Would you retype, word for word, the line with "而與你同行的,還有曾多次到訪" and each line after it to the end of the entries below, leaving the pictures out?
Segment Start: INPUT FOR THIS TASK
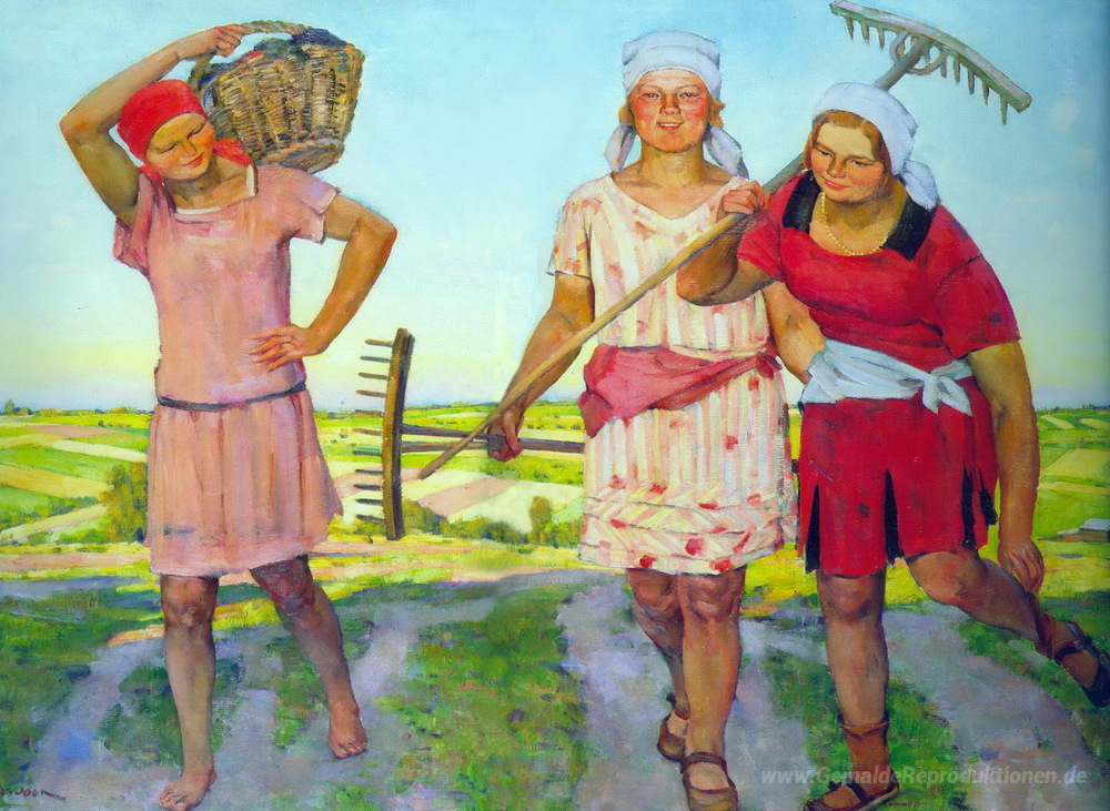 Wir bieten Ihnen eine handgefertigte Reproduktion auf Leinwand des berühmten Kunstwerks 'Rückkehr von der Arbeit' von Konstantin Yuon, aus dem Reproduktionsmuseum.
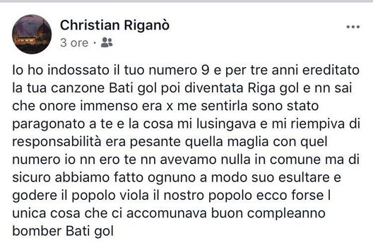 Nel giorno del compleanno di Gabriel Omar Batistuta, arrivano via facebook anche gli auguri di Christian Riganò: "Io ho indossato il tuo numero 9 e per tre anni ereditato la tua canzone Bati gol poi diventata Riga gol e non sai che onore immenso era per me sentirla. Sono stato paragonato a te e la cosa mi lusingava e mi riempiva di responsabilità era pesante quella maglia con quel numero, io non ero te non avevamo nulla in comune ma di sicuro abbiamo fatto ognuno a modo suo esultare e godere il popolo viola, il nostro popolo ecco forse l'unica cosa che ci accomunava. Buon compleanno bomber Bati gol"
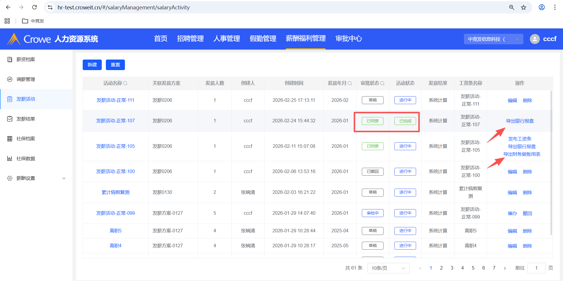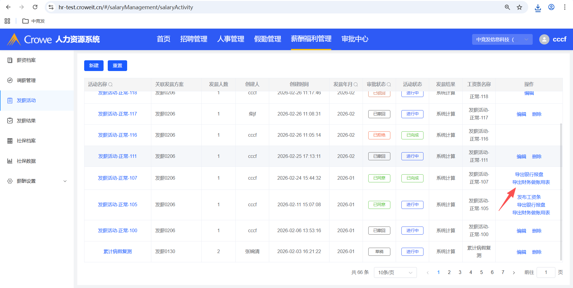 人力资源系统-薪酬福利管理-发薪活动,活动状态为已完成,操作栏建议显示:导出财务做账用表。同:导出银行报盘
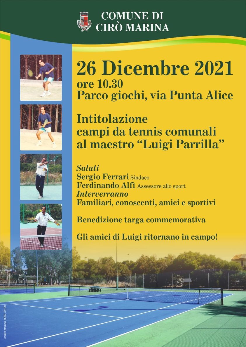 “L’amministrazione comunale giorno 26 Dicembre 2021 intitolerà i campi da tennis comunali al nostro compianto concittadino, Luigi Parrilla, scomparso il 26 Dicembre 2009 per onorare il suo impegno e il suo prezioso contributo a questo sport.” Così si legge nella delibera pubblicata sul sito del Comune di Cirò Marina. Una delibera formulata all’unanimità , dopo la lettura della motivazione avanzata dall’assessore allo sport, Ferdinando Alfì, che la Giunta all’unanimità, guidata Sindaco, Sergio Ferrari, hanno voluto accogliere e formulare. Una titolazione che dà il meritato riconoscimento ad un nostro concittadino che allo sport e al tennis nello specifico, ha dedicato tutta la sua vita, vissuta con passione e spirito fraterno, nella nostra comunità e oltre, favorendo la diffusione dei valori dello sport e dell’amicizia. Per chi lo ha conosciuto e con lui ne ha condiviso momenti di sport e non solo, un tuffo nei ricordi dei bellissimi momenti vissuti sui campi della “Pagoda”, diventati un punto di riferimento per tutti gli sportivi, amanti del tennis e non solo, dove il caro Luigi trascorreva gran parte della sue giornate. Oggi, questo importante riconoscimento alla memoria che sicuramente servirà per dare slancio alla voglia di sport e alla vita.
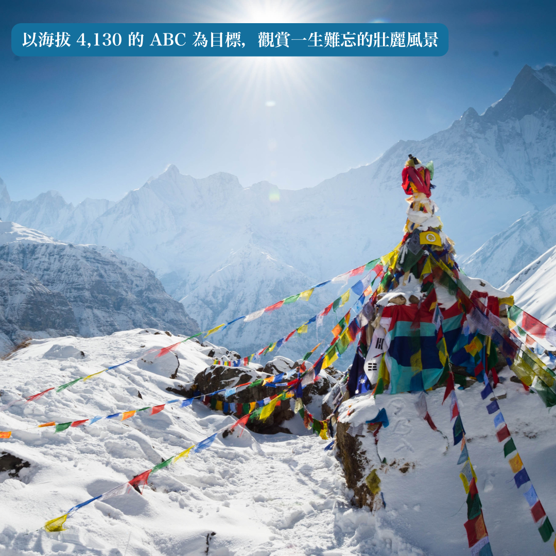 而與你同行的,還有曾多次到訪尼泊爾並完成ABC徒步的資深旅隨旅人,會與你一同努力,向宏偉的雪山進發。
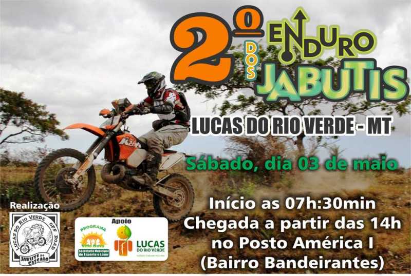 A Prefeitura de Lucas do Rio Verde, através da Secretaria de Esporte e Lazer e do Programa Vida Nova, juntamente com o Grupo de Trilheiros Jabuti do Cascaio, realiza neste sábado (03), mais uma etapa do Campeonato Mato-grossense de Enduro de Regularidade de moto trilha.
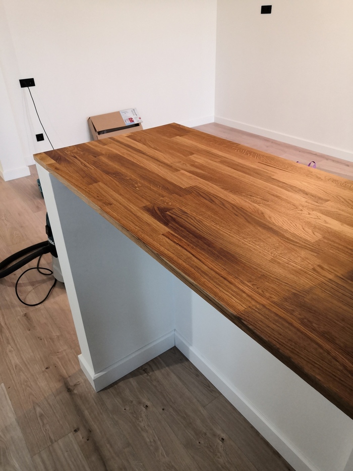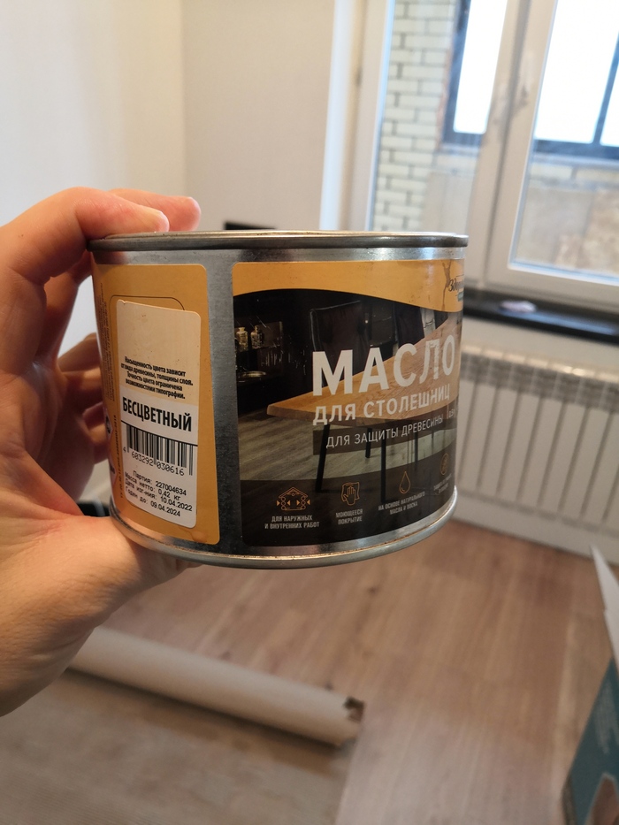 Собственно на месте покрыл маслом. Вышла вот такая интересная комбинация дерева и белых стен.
Segment End: INPUT FOR THIS TASK
TASK RESULT
 而與你同行的,還有曾多次到訪尼泊爾並完成ABC徒步的資深旅隨旅人,會與你一同努力,向宏偉的雪山進發。
 A Prefeitura de Lucas do Rio Verde, através da Secretaria de Esporte e Lazer e do Programa Vida Nova, juntamente com o Grupo de Trilheiros Jabuti do Cascaio, realiza neste sábado (03), mais uma etapa do Campeonato Mato-grossense de Enduro de Regularidade de moto trilha.
 Собственно на месте покрыл маслом. Вышла вот такая интересная комбинация дерева и белых стен.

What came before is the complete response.